Day 24: Speed and
Melt of Glacier
Derek's
birthday I didn't have
a bad night's sleep. We weren't allowed to drink in case we
fell off of the mountain and I ended up dreaming about a road across the
mountain with a pub on it. Over breakfast we talk about a book that I
had read some time ago called ‘Beyond the Skipper's Road'
by Terri McNichol. It turns out that she was Chris' surrogate grandmother
when he had lived on a farm in Otago. It's a small world. Even more
remarkably, Chris' sister-in-law had gone to school with Martin
in Leeds.
The ice lenses are
a nightmare. Although a wicked idea, the water in Kathy's balloon
lens hadn't frozen overnight. Bummer! My ‘lenses' have
gas bubbles in them. Kathy uses a saltwater bath to quickly freeze the
water in her balloon lens. The salt allows the water/snow/ice mixture
surrounding the balloon in a dish to fall to very low temperatures - well
below freezing. This time the pure water in the balloon freezes, but she
too has bubbles. We don't really have time to perfect the lenses
but none the less, when sunlight is focussed onto our hands it warms us.
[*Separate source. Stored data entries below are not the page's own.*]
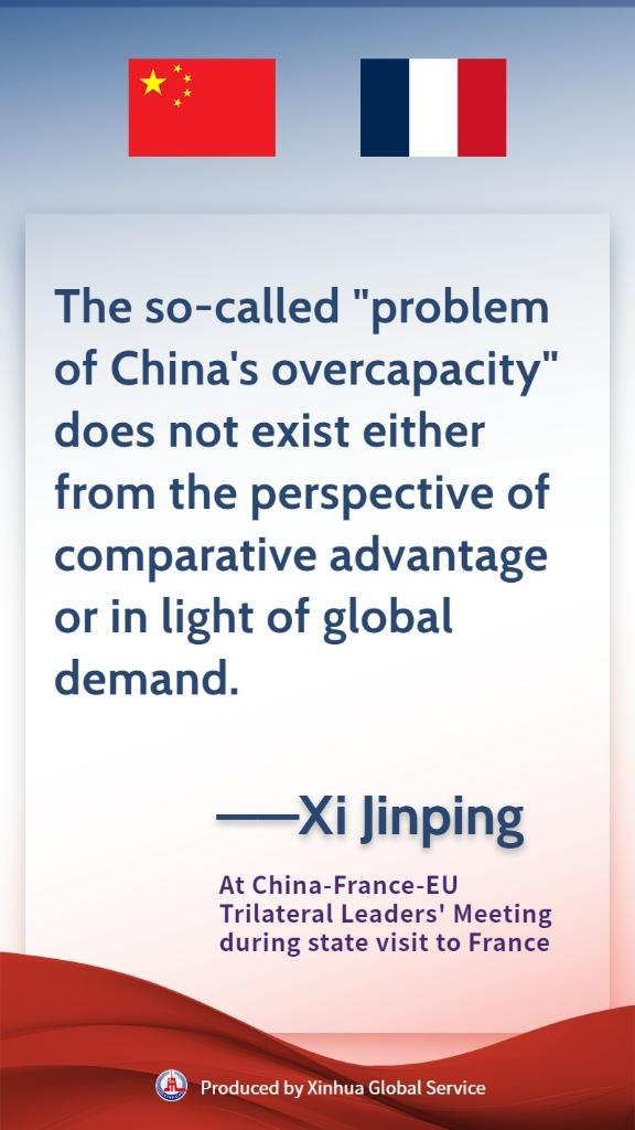 The so-called "problem of China's overcapacity" does not exist either from the perspective of comparative advantage or in light of global demand, Chinese President Xi Jinping told a trilateral meeting of China, France and the EU.
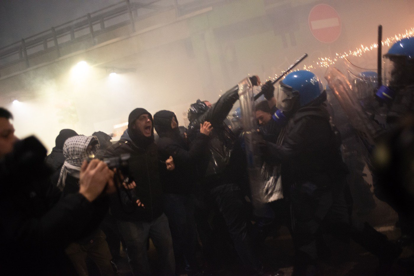 🇮🇹 ALERTE l Des scènes de guerre à proximité des sites olympiques à Milan, des groupes antifascistes s'en prenant aux forces de l'ordre.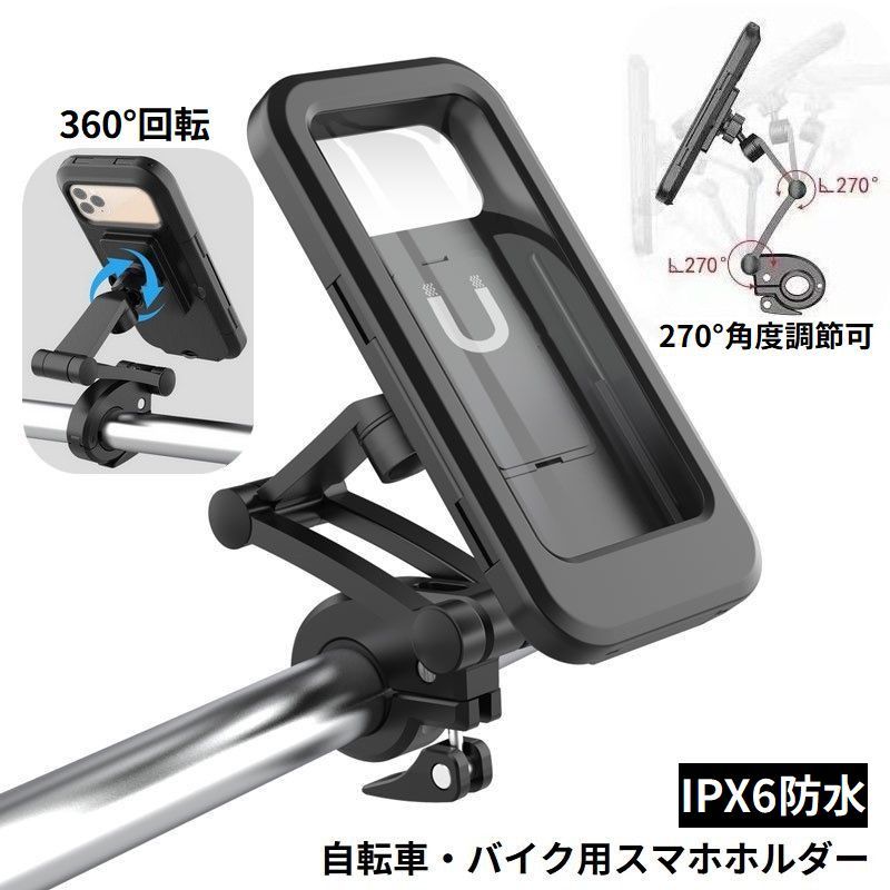 スマホホルダー 携帯ホルダー マウント スタンド ケース 自転車 ロードバイク オートバイ 防水 固定 落下防止 360度回転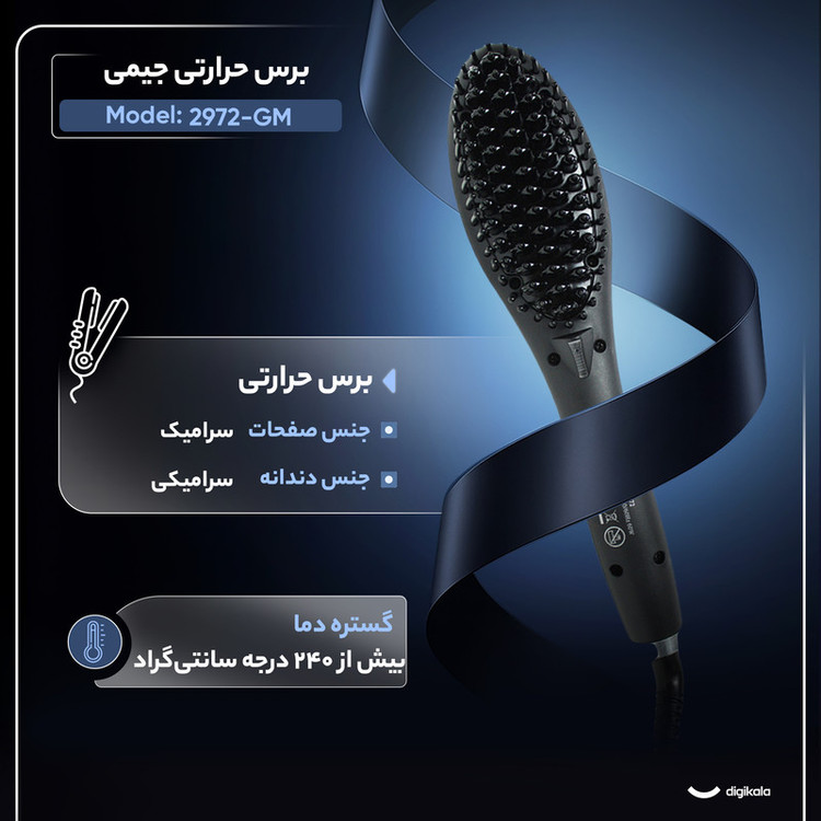 برس حرارتی جیمی مدل GM-2972 ابزاری کاربردی برای صاف کردن، فر کردن و حالتدهی سریع مو است. صفحات و دندانههای سرامیکی حرارت را یکنواخت منتقل میکنند و به موها درخشش و نرمی میدهند. دمای دستگاه بین ۱۵۴ تا ۴۰۰ درجه سانتیگراد قابل تنظیم است و در ۳۰ ثانیه آماده استفاده میشود، بنابراین برای انواع مو مناسب است. کابل ۱٫۷ متری آزادی حرکت کافی فراهم میکند و فناوری تولید یون از الکتریسیته ساکن مو جلوگیری میکند. نشانگر LED وضعیت دستگاه را نمایش میدهد و خاموشی خودکار پس از ۶۰ دقیقه ایمنی استفاده را تضمین میکند. این برس با کاربری ساده و طراحی مقاوم، گزینهای ایدهآل برای استفاده روزانه و دستیابی به موهایی صاف، سالم و براق است.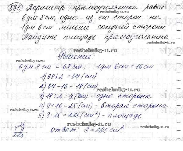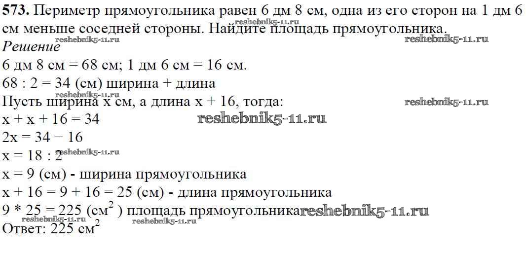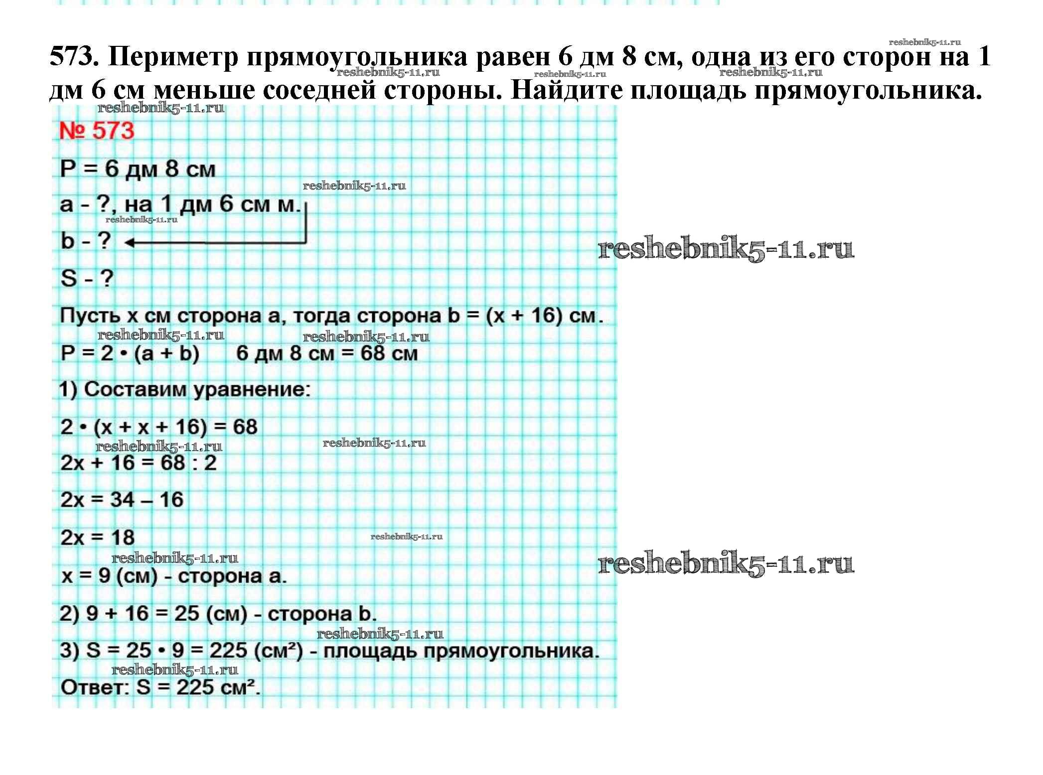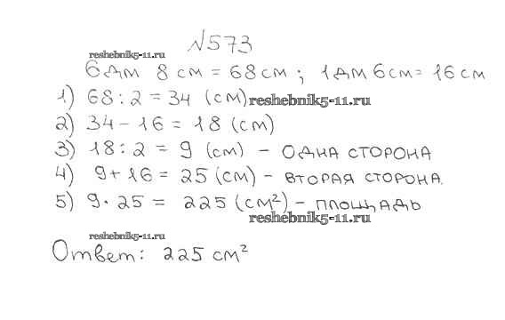 Готовая домашняя работа с ответами по Математике за 5 класс Мерзляк, Полонский, Якир Учебник Алгоритм успеха Вентана-граф 2016 ФГОС - §21. Площадь. Площадь прямоугольника 573

Not enough to set fire to anything though.
The helicopter arrives
blowing hard ice crystals from the snowy outcrop painfully into my face.
We go back down to our measuring station on the glacier and take our readings.
Keas had attacked the equipment overnight but it was still useable. J
and I use a scale drawing and work out that the pinnacle we are measuring
has moved one metre. Kathy uses trigonometry to give a result of 1.3 metres.
There are bound to be errors in each but they sound reasonable enough.
We
then have lunch. Derek asks the date. Turns out it is his birthday. Cool!
There is only a little more walking to do, which is good because my feet
hurt badly from an injury that I sustained while running away from an
aggressive bull in India. The others come up to join us in helicopters
from the sawmill. The programme is finished by about 4 pm. Our estimate
of the speed at which the glacier moves turns out to be spot on. We are
ferried back to Franz Josef township by helicopter. I'm tired. We
celebrate. I get drunk. Cool programme!